What does the Standard mean by “`_traits`”?

This is the first sequel to my post several months ago on customization point design for library functions. That post was all about function customization points. This post is all about type-based customization points — a.k.a. traits classes — or at least what the standard library means when it says “traits class.”

If you’re just looking for a tutorial introduction to traits classes, without all the nitpicky wiffling I’m about to do in this blog post, I highly recommend that you stop reading and go watch my two-hour CppCon 2016 session on “Template Normal Programming” (Part 1, Part 2); and/or, Vinnie Falco’s CppCon 2017 session “Make Classes Great Again”. This post (as with much of my content) is intended mostly for people who already think they know this stuff backward and forward.

Readers of my previous post on customization point design for library functions (including yourself… right?) will recall that any function-based customization point has two pieces:

A, the piece the user is required to specialize; and
B, the piece the user is required to invoke (and therefore must not specialize).

Let’s take “hashing” as our first example.

template<class T>
struct hash;  // primary template provided by the library writer

template<class T, class Hash = hash<T>>
struct unordered_set {
    // uses Hash::operator()(const T&)
};

// provided by the programmer
class X;

Here, the user-programmer’s ultimate goal is to put items of type X into an unordered_set.
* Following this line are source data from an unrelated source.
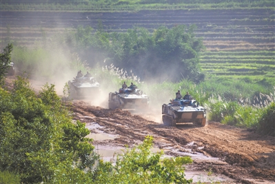 第73集团军某旅合成营战术演练中,“红四连”所在的装甲分队正在快速向战场机动。刘志勇摄
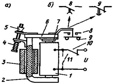 Электромагнитное реле времени (рис. 1) состоит из неподвижной части магнитопровода 2, на котором установлена катушка 1; подвижной части магнитной системы - якоря 6 с контактами 8 и 9. При отсутствии напряжения на катушке якорь 6 с помощью пружины 4 удерживается в поднятом положении.
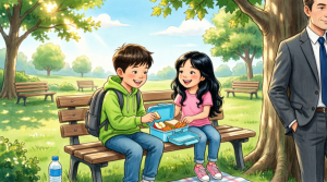 He breaks his expensive sandwich in half and hands one piece to the girl. He lines up fruit between them as if he has done this many times. He passes over a juice carton, and the two of them eat and talk with the easy rhythm of people who already know each other’s silences. Miguel remains still, one hand braced against the tree bark, watching his son laugh with this unknown child while the city hums on, oblivious.
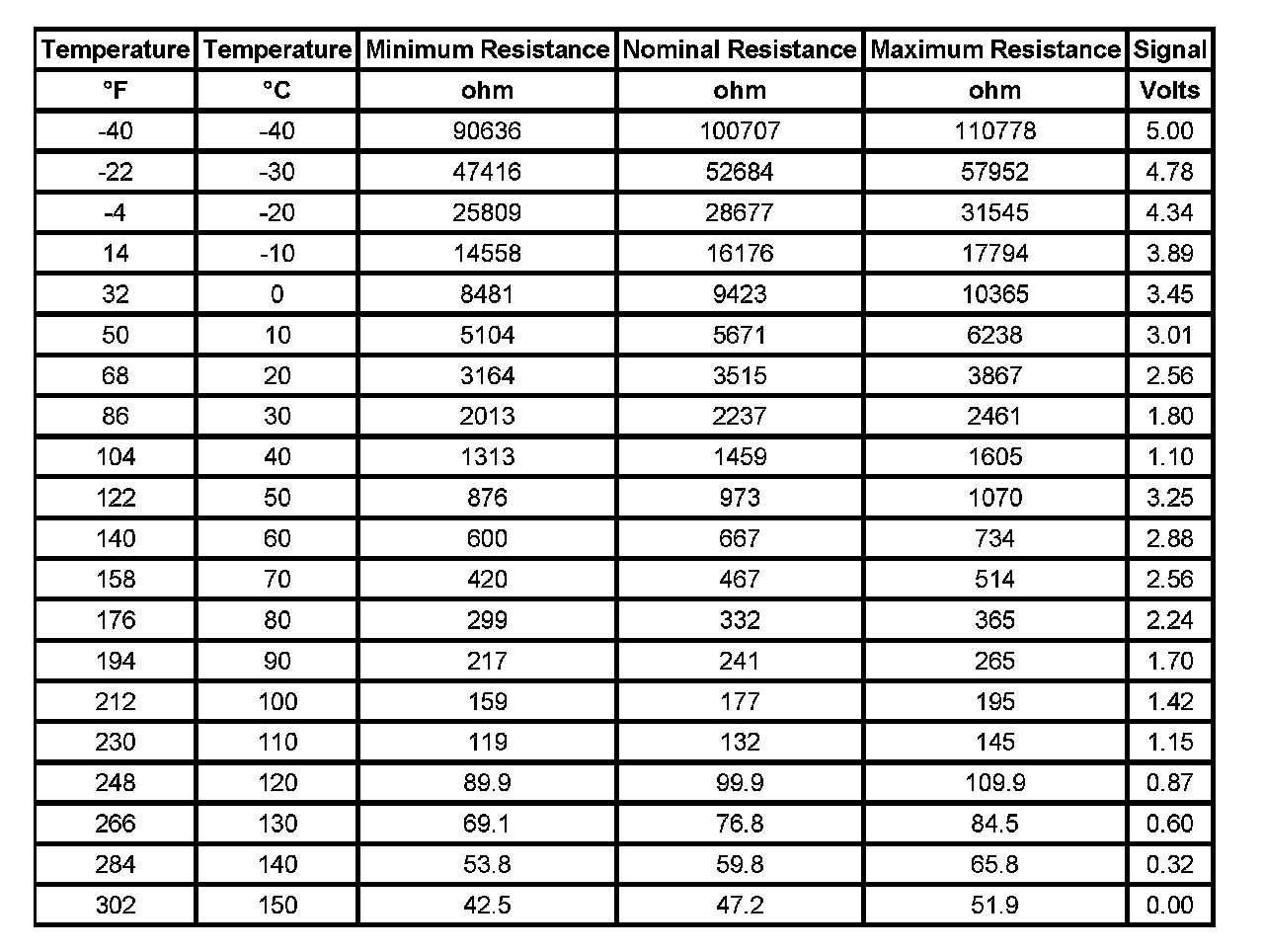 Transmission Fluid Temperature Sensor Specifications:
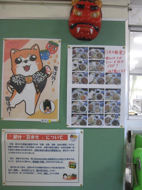 ”こうワンが豆まきをしているポスター”(2年美術・イラスト部N作)
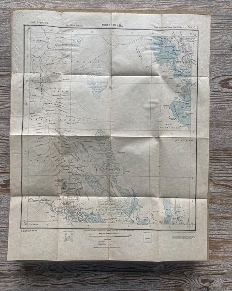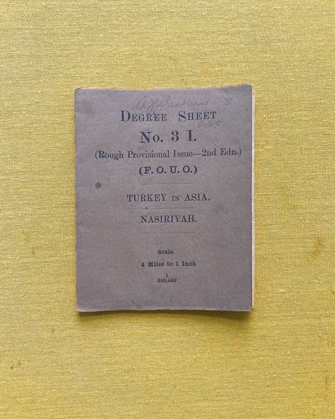 NASIRIYAH. Turkey in Asia (Rough Provisional Issue-2nd Edn.) Degree sheet No 3 I. (F.O.U.O.). Scale 4 Miles to 1 inch. Survey of India [Calcutta] 1916. Check out this rare folding map of Nasiriyah, Turkey in Asia from World War I! This artifact provides valuable insight into the geography and military operations of the Nasiriyah region during WWI. Published in 1916 by the Survey of India for official use only, the map covers part of the Province of Basrah and has a scale of 4 miles to 1 inch. It folds down into 16 plates and has original printed card endpapers, making it a portable and essential tool for military operations in the field. The map's pristine condition and the indistinct pencil signature of an A.S.C. officer underscore its historical significance. It is especially interesting to note that Sikh soldiers fought in the Gallipoli campaign in Turkey during World War I, raising the possibility that they may have used this map during their operations in the region. The Battle of Nasiriyah was a part of the Mesopotamian Campaign, which aimed to secure the oil fields of the Ottoman Empire and protect the British interests in the Persian Gulf region.

The library writer has determined that unordered_set<T> needs some way to hash items of type T. So the library writer introduces a “policy parameter” to their template. They turn unordered_set<T> into unordered_set<T, Hash>. Here Hash is kind of like piece “B”… but I don’t think it’s quite analogous, because of what we’re going to do next.

Generally, user-programmers don’t like to write code; so the library writer ought to provide some sort of sensible default value for Hash. The library writer defaults Hash to hash<T>.

Now the user-programmer has two plausible alternatives for how to use unordered_set. The first alternative is to “make X hashable” by providing a new specialization of the default hash<T>:

// specialization provided by the programmer
template<>
struct std::hash<X> { size_t operator()(const X&); };

unordered_set<X> s;  // Success!

The second alternative is to “define a hash function over Xs” and use that new hash function when creating the set:

// new type provided by the programmer
struct XHasher { size_t operator()(const X&); };

unordered_set<X, XHasher> s;  // Success!

In the C++ standard library, both approaches are valid. The first approach is more common, both because it is more convenient and because it is more generic: it automatically affects every place in the program where an unordered_set<T> [with T=X] is created by any means.

On the other hand, consider allocator<T>. Its skeleton looks extremely similar to hash<T>’s:

template<class T>
struct allocator;  // primary template provided by the library writer

template<class T, class Alloc = allocator<T>>
struct vector {
    // uses Alloc::allocate(int) (*note)
};

// provided by the programmer
class X;

However, nobody would ever suggest that the programmer ought to specialize allocator<X>! There is only one valid way to change the behavior of vector<X>: to define a new allocator and use that allocator when creating the vector.

// new type provided by the programmer
template<class T> struct MyAllocator { ... };

vector<X, MyAllocator<X>> v;  // Success!

There is a semantic difference between a “hasher of Xs” and an “allocator of Xs,” despite their syntactic similarity!

Staying on that same hand for a minute, consider char_traits<T>, again with the same skeleton:

template<class T>
struct char_traits;  // primary template provided by the library writer

template<class T, class Traits = char_traits<T>>
struct basic_string {
    // uses Traits::length, Traits::compare,...
};

// a new "character type" provided by the programmer
class X;

Just as in the previous case: nobody would ever suggest that the programmer ought to specialize char_traits<X>! There is only one valid way to change the behavior of basic_string<X>: to define a new “character traits class” and use that class when creating the string.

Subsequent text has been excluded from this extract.